While the threshold for sampling has gotten higher in recent years, especially for pre-aggregated data tables, it’s always worthwhile to be sure your data isn’t sampled. That would be an obvious reason why there’s a discrepancy. Check for sampling in your report. If there is sampling, try pulling a smaller date range (a month instead of a quarter or a year).
What About Other Reasons?
The aforementioned four influencers are often the biggest contributors to data differences. However, there are other areas where users regularly see discrepancies. Here are a two, as additional examples:
GA Sessions vs. DCM Clicks: Be sure DoubleClick campaigns are implemented correctly and showing up in GA. Clicks and Sessions are fundamentally different. If a user clicks an ad and bounces before the page loads, you’ll never see the session. Avoid having slow load times to help with this. Because these are coming from different systems (the click happens on the ad, the session happens on your site) they will always be off. If they’re off by a tremendous amount or it swings wildly, there could be bot traffic or other things influencing the discrepancy.
Account Registrations in GA vs. your CRM: If a GA event fires on a button click rather than after a server side validation, your GA events will likely be inflated. Suggestion: implement the event so that it fires after the server side validation.
Where are you seeing inconsistencies in your data? If they’re greater than 10%, allocate resources to investigate.
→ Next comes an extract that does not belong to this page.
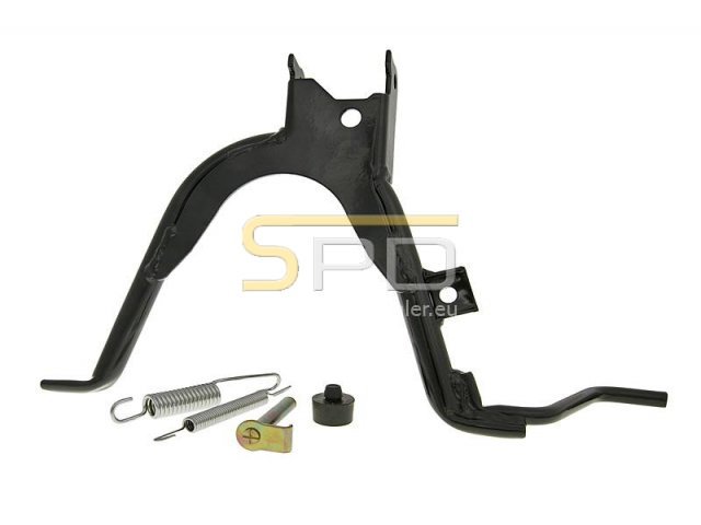 SPD Original középsztender mely használható az összes olyan fekvőhengeres Minarelli motorblokkal szerelt robogóhoz, melynek a hátsó kereke 13 coll átmérőjű. Amennyiben a gyárilag felszerelt alkatrész tönkrement, vagy esetleg úgy vásároltuk már robogónkat, hogy csak oldalsztender volt rajta, úgy ennek a terméknek a segítségével könnyedén visszaállíthatjuk robogónk ezen részének gyári állapotát. Jó minőségű, igényes kialakítású kivitel, mely paramétereiben teljesen megegyezik a gyárilag felszerelt komponenssel. A csomag tartalmazza az összes olyan alkatrészt amelyre a felszerelés során szükségünk lehet.

Once you determine the cause of the data discrepancies, making adjustments to your implementation, analysis methods, and reporting can help close the gaps between your source of truth and your GA data. Your GA reports should provide you with directionally accurate data, and peace of mind. With a deeper understanding of how you’re sending data to each source and confirming that you’re pulling an apples-to-apples comparison (and knowing when you’re not) it will be a lot easier to trust and analyze your data.